• **DATA SECTION**
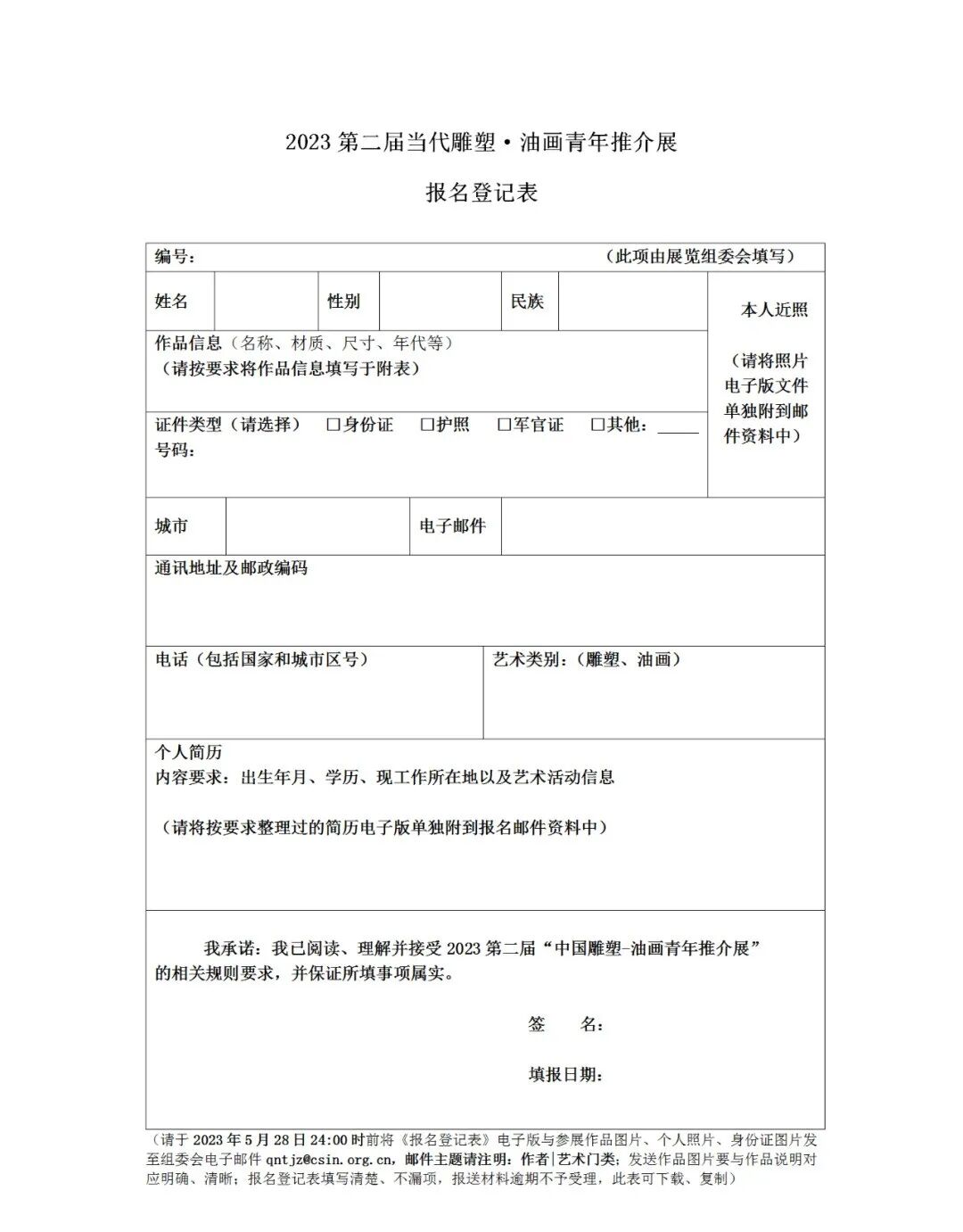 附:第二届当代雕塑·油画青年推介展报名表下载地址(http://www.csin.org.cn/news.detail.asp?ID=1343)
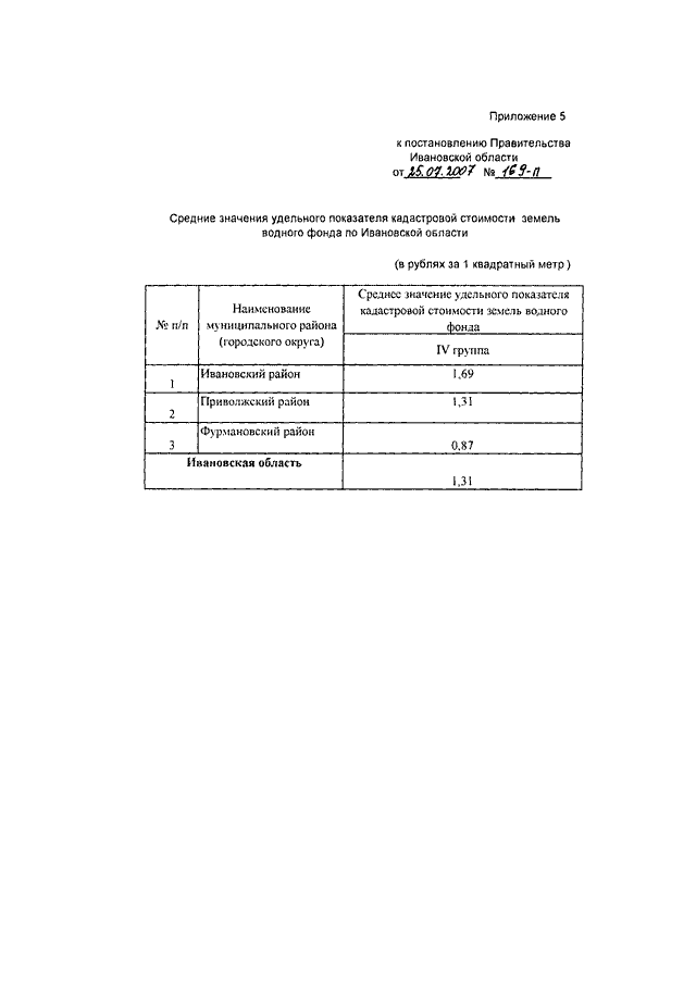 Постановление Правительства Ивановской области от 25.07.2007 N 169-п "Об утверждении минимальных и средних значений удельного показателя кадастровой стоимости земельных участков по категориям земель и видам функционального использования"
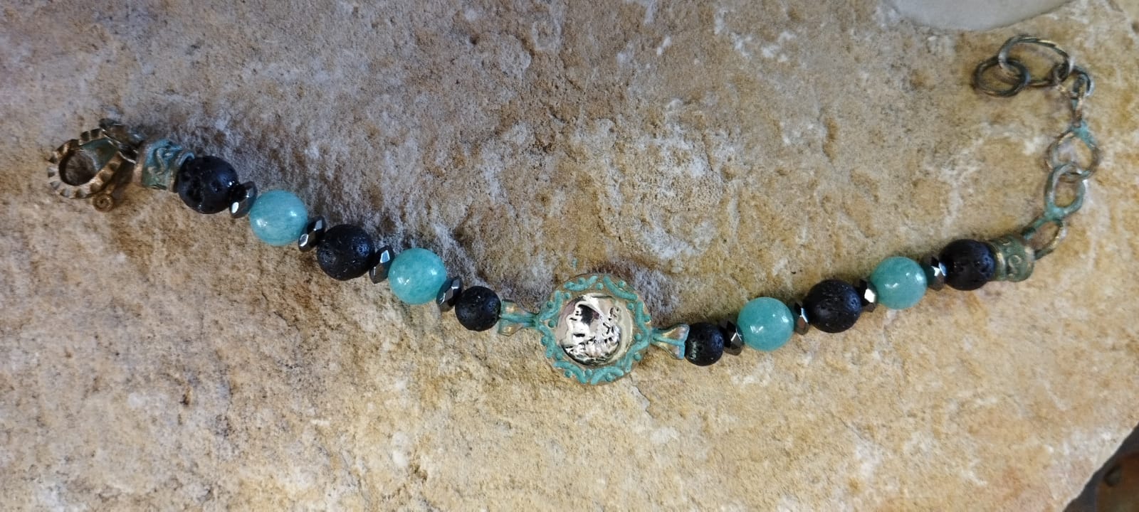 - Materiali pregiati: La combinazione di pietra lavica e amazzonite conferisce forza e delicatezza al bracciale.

• **ABOUT THIS TASK**
Word for word, reproduce each line from the one with "Постановление Правительства Ивановской" through the last line of the material above, both included, and drop the pictures.

• **SOLUTION**
 Постановление Правительства Ивановской области от 25.07.2007 N 169-п "Об утверждении минимальных и средних значений удельного показателя кадастровой стоимости земельных участков по категориям земель и видам функционального использования"
 - Materiali pregiati: La combinazione di pietra lavica e amazzonite conferisce forza e delicatezza al bracciale.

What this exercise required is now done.